## Work task
Straight copy, no pictures: transcribe each entry as it stands.

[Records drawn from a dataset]

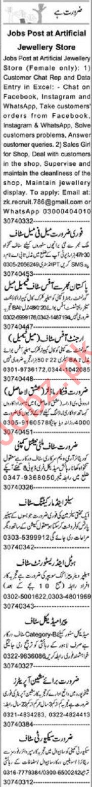 Assistant Supervisor, Account Manager, Teacher, English Teacher, Chemistry Teacher, Physics Teacher, Coordinator, Biology Teacher, Maths Teacher, Urdu Teacher, Art Teacher, English Teacher, Office Assistant, Salesman, Marketing Staff, Sales Staff, Computer Operator, Sales Manager, Sales Officer, Nurse, Business Manager, Security Guard, Gynecologist, Lawyer, Assistant Accountant, Waiter, Batman needs in well developed companies.
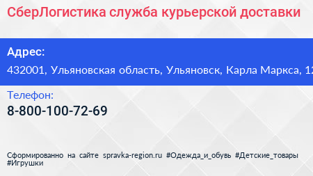 СберЛогистика, служба курьерской доставки по адресу 432001, Ульяновская область, Ульяновск, Карла Маркса, 12 в дальнейшем Организация, размещена в следующих категориях:
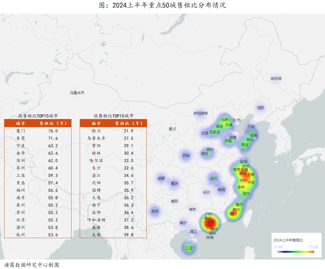 根据诸葛数据研究中心的统计数据,2024年上半年50个城市的平均租金为33.29元/元。㎡与2023年相比,每月下降1.18%。;19640元/平均房价㎡,与2023年相比,房价下降4.65%,房租下降幅度超过房租下降幅度,房租偏差连续两年下降,回到2019年的水平。
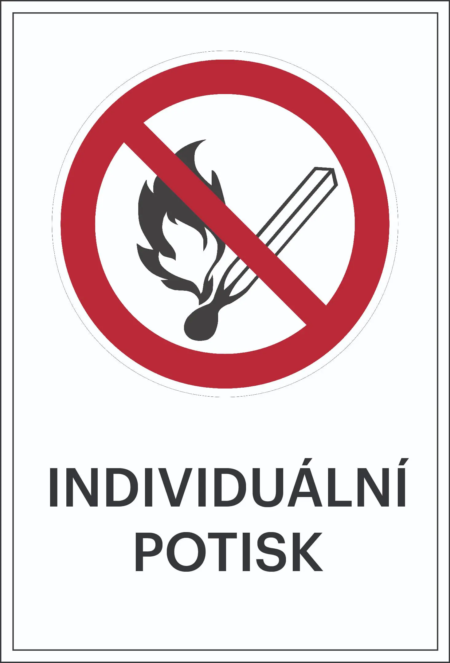 AT-SVK05.DA90.450 | Zákazové značení, zákaz otevřeného ohně, s možností individuálního textu – hliníkový kompozit, 300×450 mm |
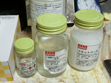 このままだと塗料がすぐに落ちてしまうので、次にコーティングを行います。自分の場合には、前にも触れたつや消しウレタンを使いますが、一般の方には
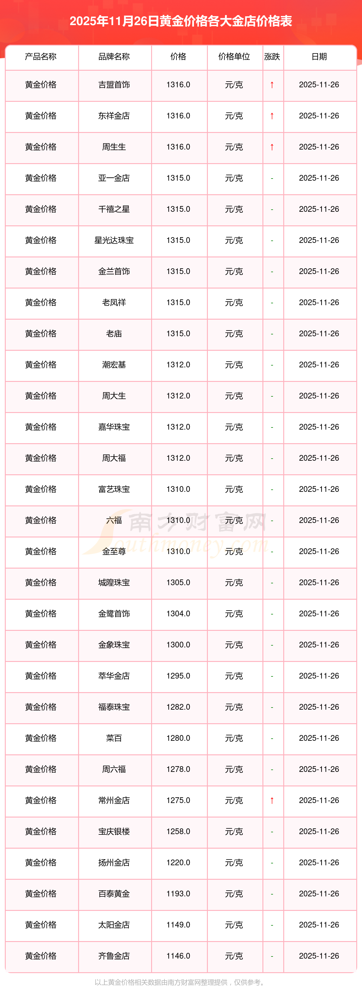 現(xiàn)在黃金價格多少錢一克_2025年11月26日各金店黃金價格表最新,一起來看看吧!
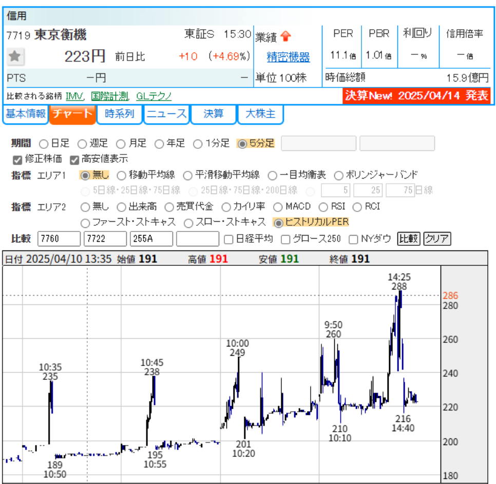 他にも分足チャートを見て不審な値動きの銘柄をピックアップ。
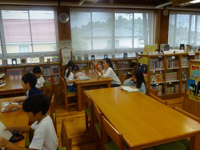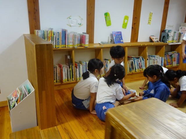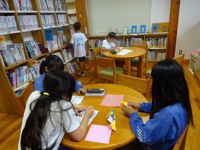 昼休みは、雨天のため外遊びができません。そんな時の人気スポットは図書室です。折り紙を楽しむグループもありました。思い思いに過ごしています。
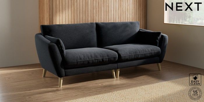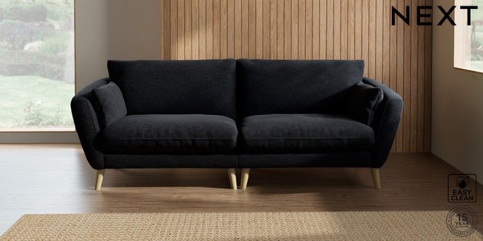 7.2.10 Orlo Relaxed Sit 4 Seater Sofa Fine Chenille Easy Clean Black Retro Tapered - Light | Made Click here to use our website with more accessibility support, for example screen readers
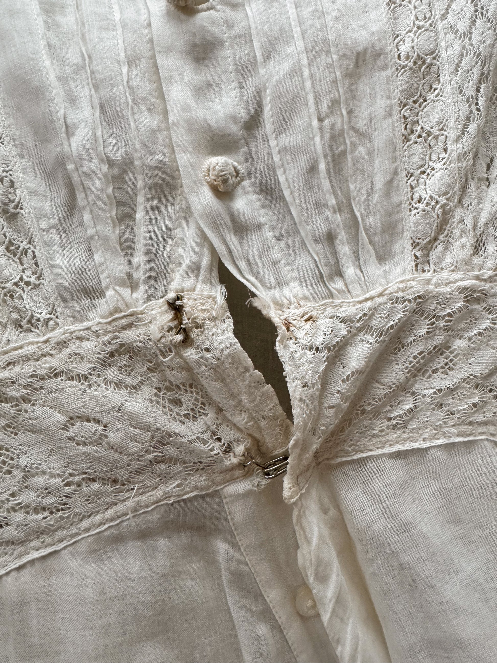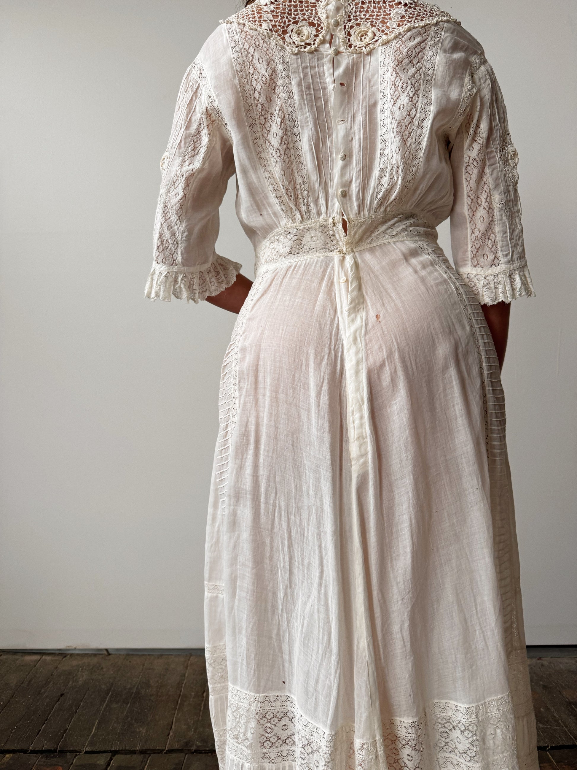 Antique Edwardian 1900s White Cotton Lace Dress (M)
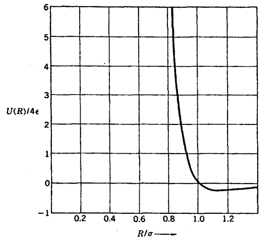 تمثيل بياني لجهد لينارد جونز (المعادلة 3-9) والذي يصف التفاعل بين ذرتي غاز خامل
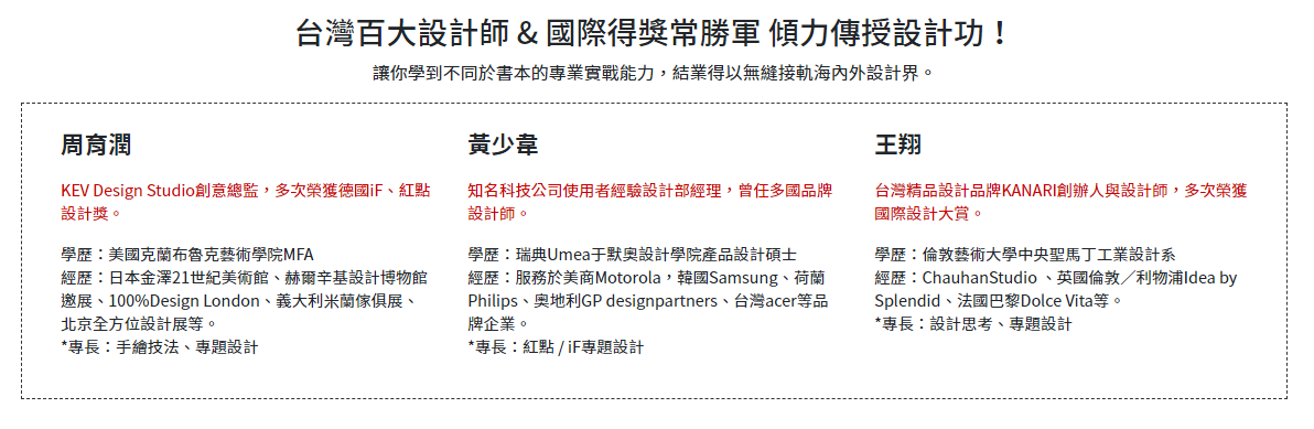 國內最具指標性的設計教學,提供快速銜接海外工業產品設計系捷徑
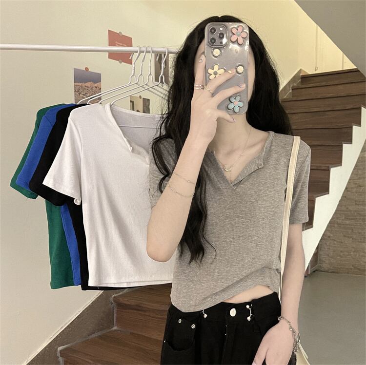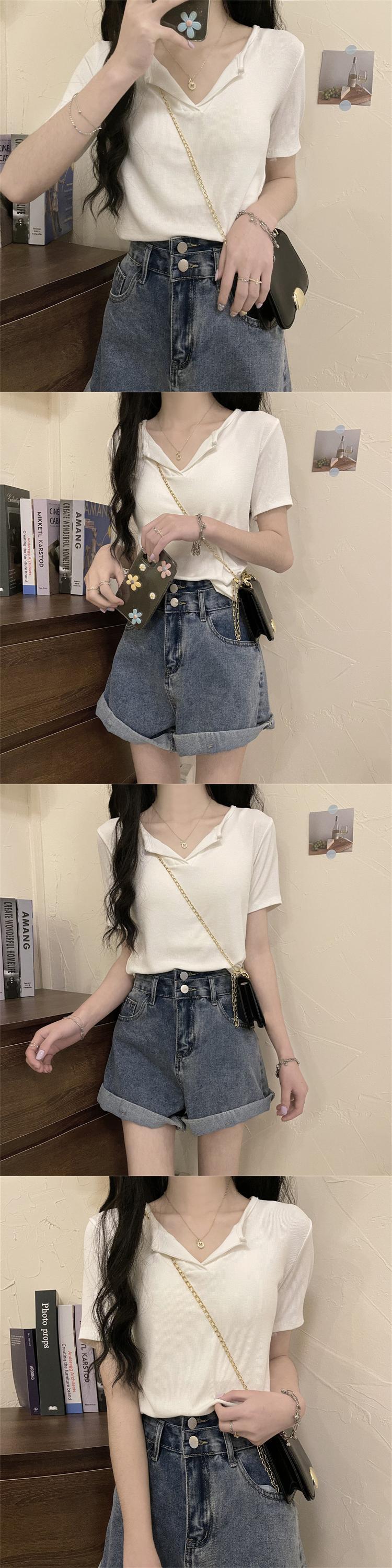 VネックルーズショートTシャツスプリング夏服韓国ファッショントップス NEW 春物 夏物 スタイル コーデ Marchs44782250772

## Answer for this exercise
 Assistant Supervisor, Account Manager, Teacher, English Teacher, Chemistry Teacher, Physics Teacher, Coordinator, Biology Teacher, Maths Teacher, Urdu Teacher, Art Teacher, English Teacher, Office Assistant, Salesman, Marketing Staff, Sales Staff, Computer Operator, Sales Manager, Sales Officer, Nurse, Business Manager, Security Guard, Gynecologist, Lawyer, Assistant Accountant, Waiter, Batman needs in well developed companies.
 СберЛогистика, служба курьерской доставки по адресу 432001, Ульяновская область, Ульяновск, Карла Маркса, 12 в дальнейшем Организация, размещена в следующих категориях:
 根据诸葛数据研究中心的统计数据,2024年上半年50个城市的平均租金为33.29元/元。㎡与2023年相比,每月下降1.18%。;19640元/平均房价㎡,与2023年相比,房价下降4.65%,房租下降幅度超过房租下降幅度,房租偏差连续两年下降,回到2019年的水平。
 AT-SVK05.DA90.450 | Zákazové značení, zákaz otevřeného ohně, s možností individuálního textu – hliníkový kompozit, 300×450 mm |
 このままだと塗料がすぐに落ちてしまうので、次にコーティングを行います。自分の場合には、前にも触れたつや消しウレタンを使いますが、一般の方には
 現(xiàn)在黃金價格多少錢一克_2025年11月26日各金店黃金價格表最新,一起來看看吧!
 他にも分足チャートを見て不審な値動きの銘柄をピックアップ。
 昼休みは、雨天のため外遊びができません。そんな時の人気スポットは図書室です。折り紙を楽しむグループもありました。思い思いに過ごしています。
 7.2.10 Orlo Relaxed Sit 4 Seater Sofa Fine Chenille Easy Clean Black Retro Tapered - Light | Made Click here to use our website with more accessibility support, for example screen readers
 Antique Edwardian 1900s White Cotton Lace Dress (M)
 تمثيل بياني لجهد لينارد جونز (المعادلة 3-9) والذي يصف التفاعل بين ذرتي غاز خامل
 國內最具指標性的設計教學,提供快速銜接海外工業產品設計系捷徑
 VネックルーズショートTシャツスプリング夏服韓国ファッショントップス NEW 春物 夏物 スタイル コーデ Marchs44782250772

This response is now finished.